= Data for the task =
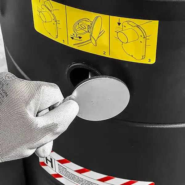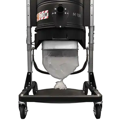 The material is collected inside a sturdy plastic bag called Longopac® that is 20 m long. The sack is rolled below the chamber and is adaptable to any need. The operator, once the sack is filled, can close it above the vacuumed material that has automatically fallen inside, seal it, cut the sack segment with the debris, and dispose of it safely, with no contact between operator and material.
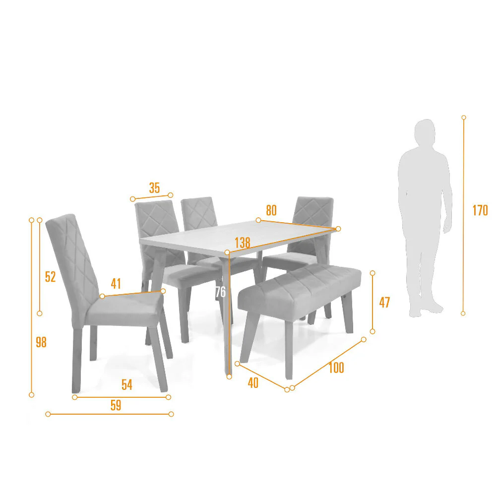 Mesa De Comedor: 138 cm ancho x 80 cm largo x 76 cm alto.
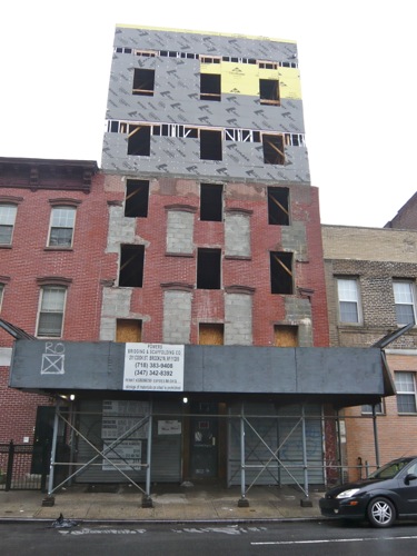 Now here is a curious sight: The owner of this building at 843-845 Dekalb is converting it from a four-family with two commercial units to a 10-family, adding two stories, and changing the position of all the windows on the front. Once the original facade is covered over with stucco, as per the permits, all trace of the old windows will be gone. GMAP
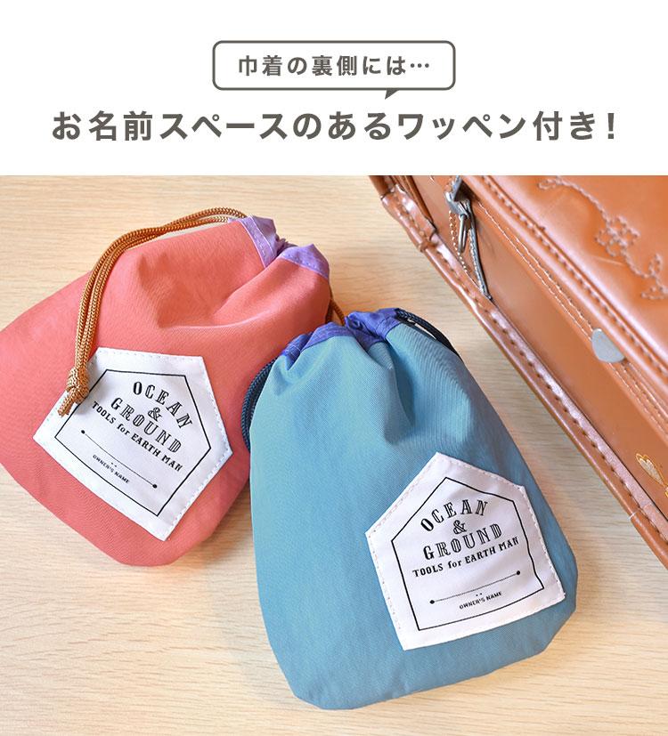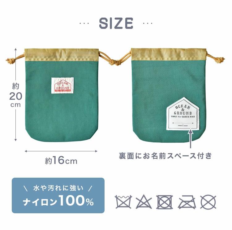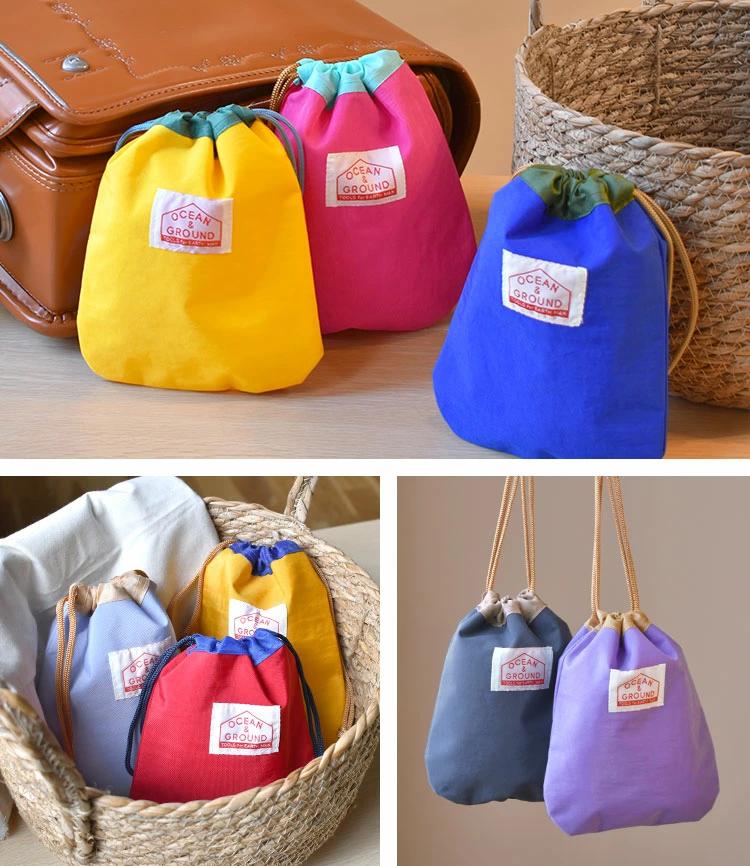 【巾着 S】人気のocean&groundからポップなカラーの巾着袋が登場!!お子様の通学グッズとして、ママのポーチとして使い方いろいろ!旅行の時もあると便利。豊富なカラー展開で、家族や友達とお揃いも◎
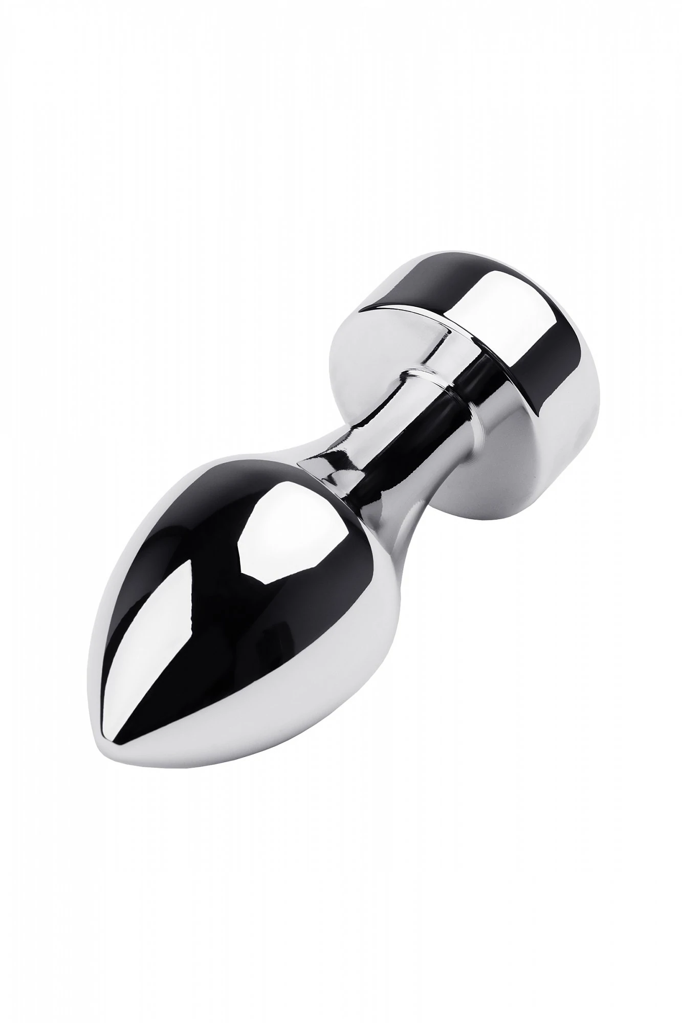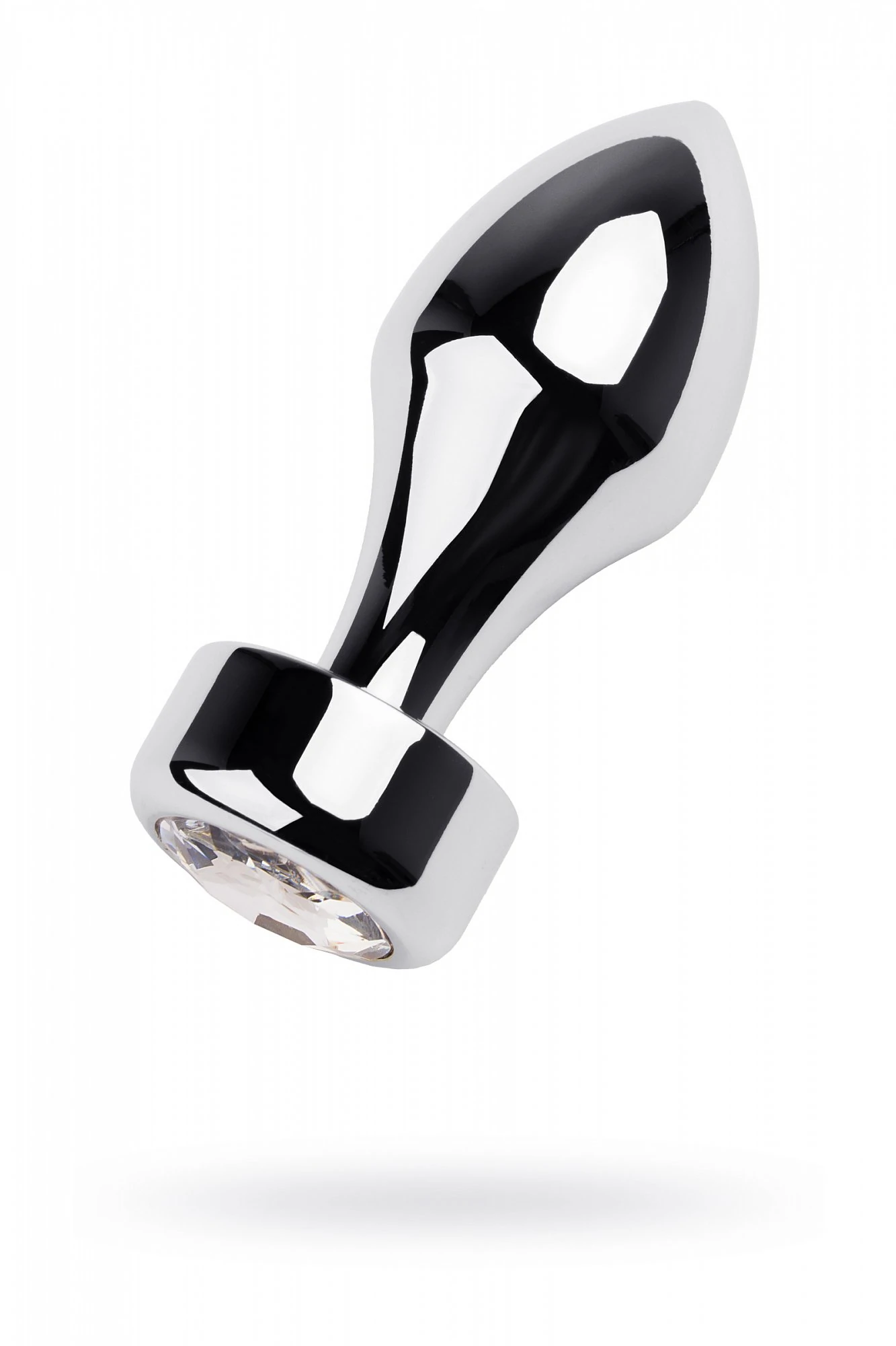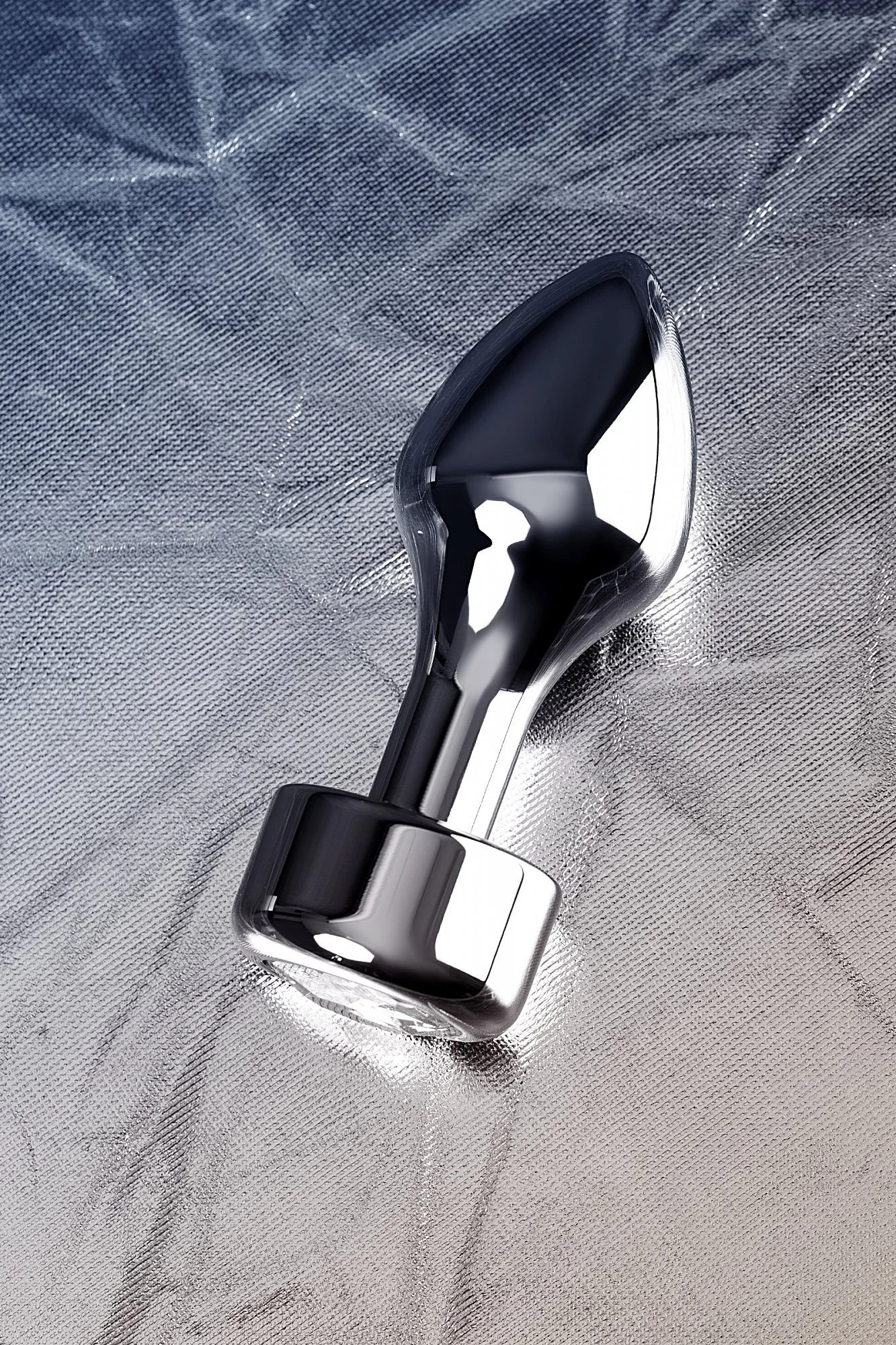 Серебристая втулка-пуля со стразом цвета алмаз подойдет опытным пользователям. Удобно вводится и удерживается внутри. Широкий ограничитель добавляет уверенности в том, что она не войдет слишком глубоко. Вес: 195 гр.

= Required work =
Please repeat all of the entries above word for word, but drop any pictures.

= Task solution =
 The material is collected inside a sturdy plastic bag called Longopac® that is 20 m long. The sack is rolled below the chamber and is adaptable to any need. The operator, once the sack is filled, can close it above the vacuumed material that has automatically fallen inside, seal it, cut the sack segment with the debris, and dispose of it safely, with no contact between operator and material.
 Mesa De Comedor: 138 cm ancho x 80 cm largo x 76 cm alto.
 Now here is a curious sight: The owner of this building at 843-845 Dekalb is converting it from a four-family with two commercial units to a 10-family, adding two stories, and changing the position of all the windows on the front. Once the original facade is covered over with stucco, as per the permits, all trace of the old windows will be gone. GMAP
 【巾着 S】人気のocean&groundからポップなカラーの巾着袋が登場!!お子様の通学グッズとして、ママのポーチとして使い方いろいろ!旅行の時もあると便利。豊富なカラー展開で、家族や友達とお揃いも◎
 Серебристая втулка-пуля со стразом цвета алмаз подойдет опытным пользователям. Удобно вводится и удерживается внутри. Широкий ограничитель добавляет уверенности в том, что она не войдет слишком глубоко. Вес: 195 гр.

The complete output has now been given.